2020-06-26 22:51, Tags: combinatorics

Hey, you remember this series, right? No? Oh that's probably because the last article was years ago. If you're interested, here's the previous articles...

Ahh, those heady days of 2018. I had big dreams. I had hoped my momentum for working on this module would eventually pick back up. I realised along the way that I'm sitting on some half-decent functions that no one can really use because I haven't published them. That changes today.

Today, I have published Math::Combinatorics to CPAN. It features the following functions

  • multicombinations (aka combinations with replacement)
  • variations (aka k-permutations of n)
  • partitions
  • derangements

Of those, only derangements is not written in NQP. My skill with NQP is that of a amateur, so I may not have written the most efficient code. However the implementations written in NQP should at least be noticeably faster than most pure-Raku functions implementing the same algorithms.

I held off on publishing this module for so long because I wanted to polish it, provide more functions, and implement faster .skip on things like permutations, where the n-th permutation in a sequence can be determined algorithmically.

In hindsight, it was silly not to publish sooner. It doesn't prevent me from working on those things, and encourages others to get involved too.

Sometimes in life, you have to pick and choose your battles.

Exportation Exploration - Update

2018-10-29 02:40, Tags: raku

I'm a little embarrassed, although I can't say I'm entirely surprised. In the last post, I made mention that I was possibly missing something obvious. I was right. In the Reddit comments, user FCO posted a gist (that's my untouched fork of FCO's work) that made me feel like an idiot. For all my aliasing experimentation, I'd totally overlooked the idea of declaring a function that does what EXPORT does and calling it... literally anything... and then exporting that function as EXPORT into the importers namespace.

Stripping the gist down to it's simplest form, is this snippet, which I have put up on the ecosystem.

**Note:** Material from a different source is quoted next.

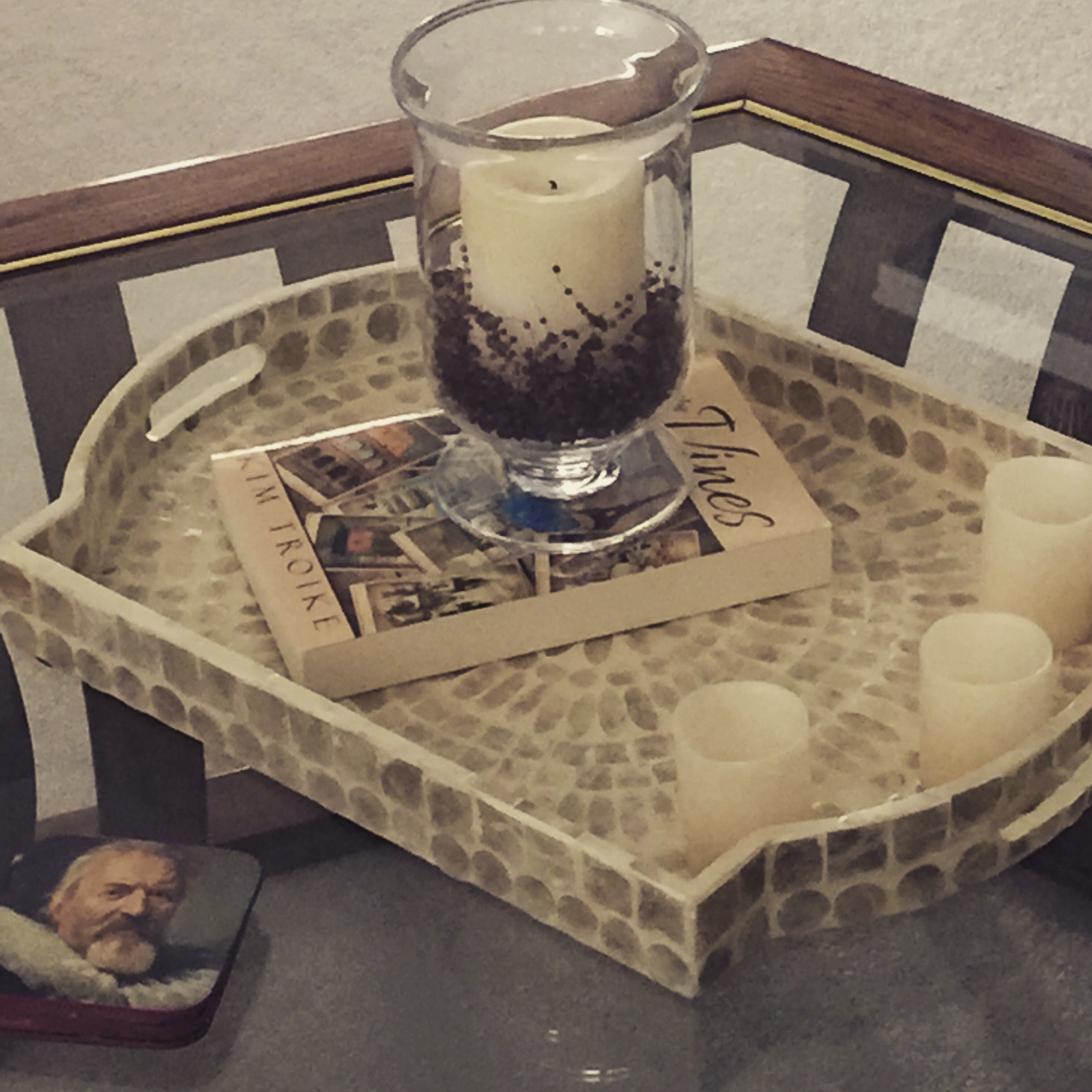 My mother has my book center stage! How surprised I was to find it on her coffee table, adorning the beautiful tray with candles. Sometimes in life what you do supersedes any words someone speaks.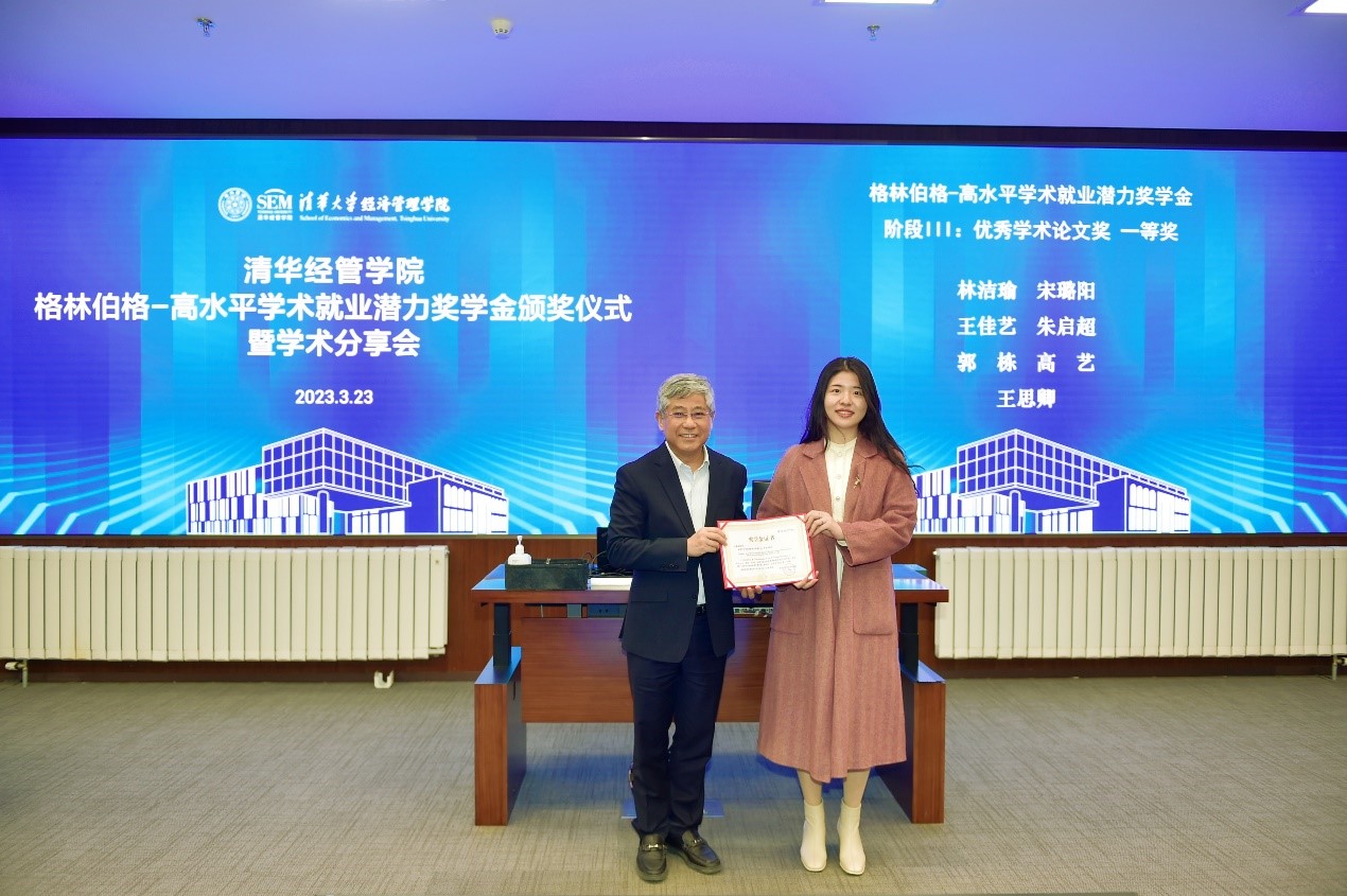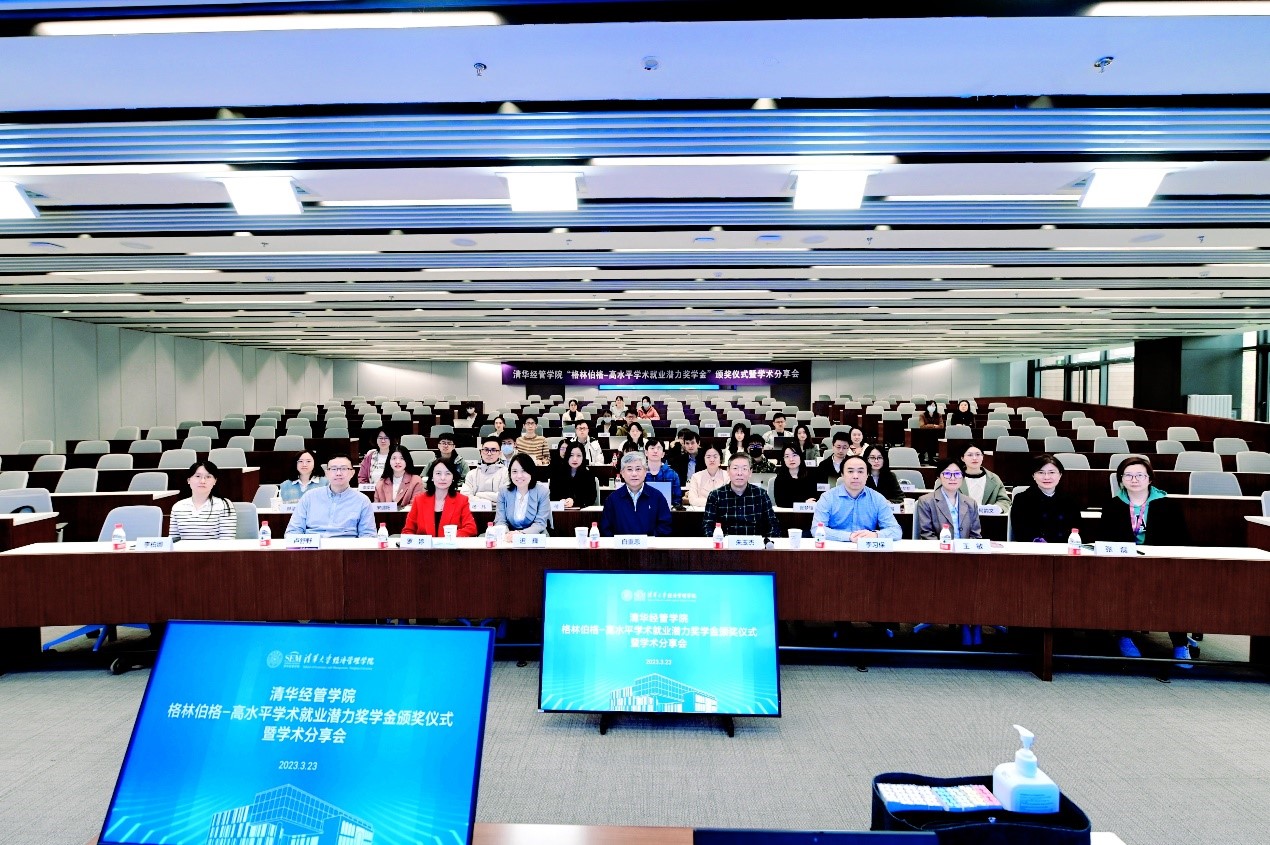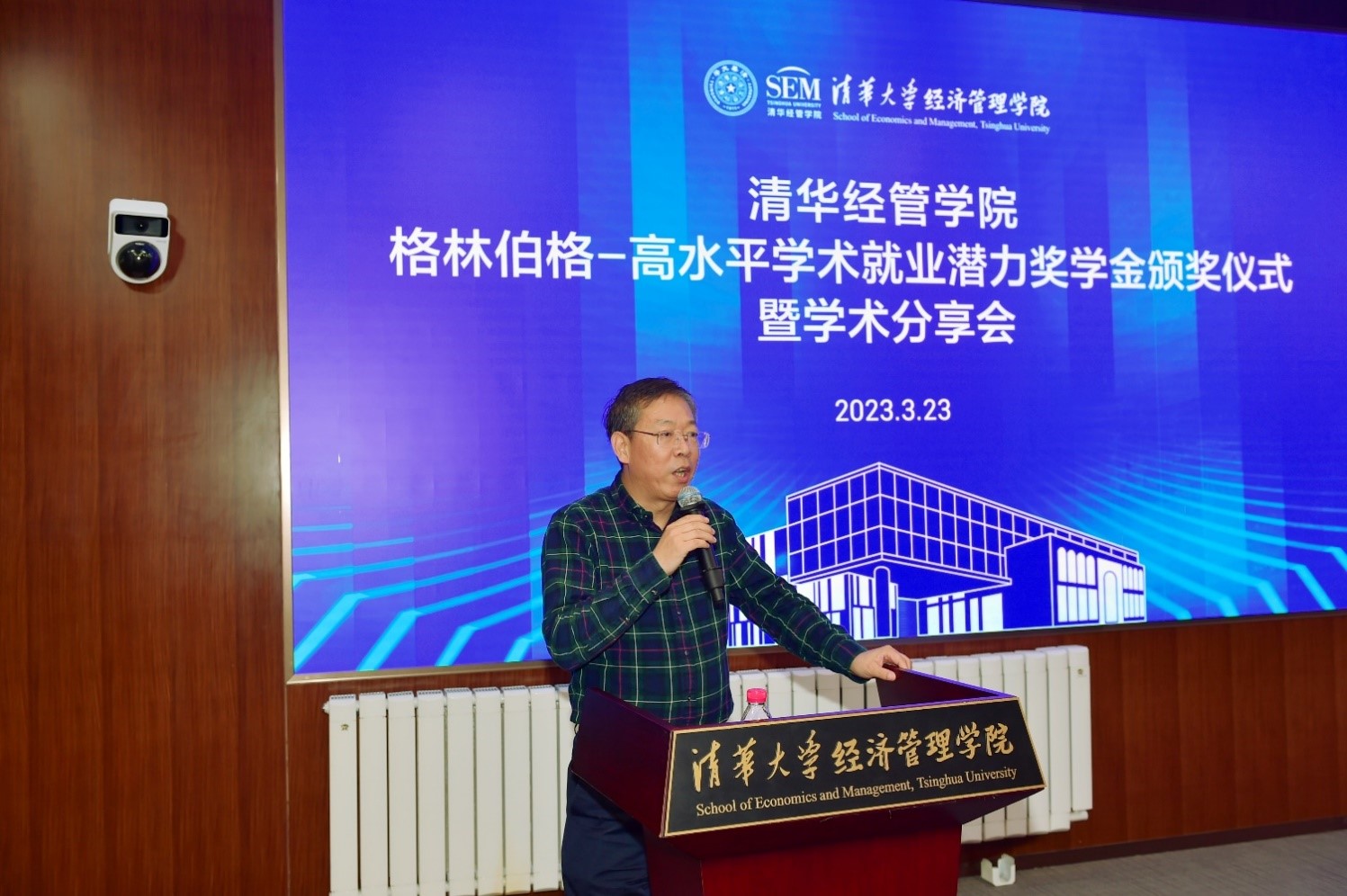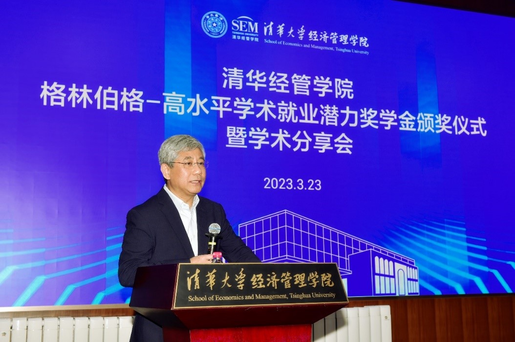 2023年3月23日,清华经管学院首届“格林伯格-高水平学术就业潜力奖学金”颁奖仪式暨学术分享会举行。学院院长白重恩、院长助理迟巍、教学办公室学术主任朱玉杰、博士项目会计系协调人罗婷、创新创业与战略系协调人李习保、领导力与组织管理系协调人卢舒野以及学院七个系的博士生代表出席本次活动。活动由朱玉杰主持。

multi sub exported-EXPORT(%exports, *@names --> Hash()) {
    do for @names -> $name {
        unless %exports{ $name }:exists {
            die("Unknown name for export: '$name'");
        }
        "&$name" => %exports{ $name }
    }
}

multi sub EXPORT {
    my %exports;
    multi sub trait_mod:<is>(Routine:D \r, Bool :$exportable!) is export {
        trait_mod:<is>(r, :exportable(r.name => True));
    }
    multi sub trait_mod:<is>(Routine:D \r, :$exportable!) is export {
        trait_mod:<is>(r, :export($exportable));
        %exports{ r.name } = r
    }
    {
        '&EXPORT' => sub (*@names) { exported-EXPORT %exports, |@names }
    }
}

It's beautiful in it's simplicity. A function is declared that returns key/value pairs, where the keys are names, and the values are functions. For all intents and purposes, this will be the EXPORT sub that the importer uses. The trick is that it takes an additional hash as an argument. In this modules EXPORT sub, that very hash is declared, along side the exportable trait that populates that hash with functions that use it. Finally, the function that was initially declared is exported in to the module writers namespace as EXPORT. It is given the hash of exports, as well as whatever list is passed to it by module user in the use statement.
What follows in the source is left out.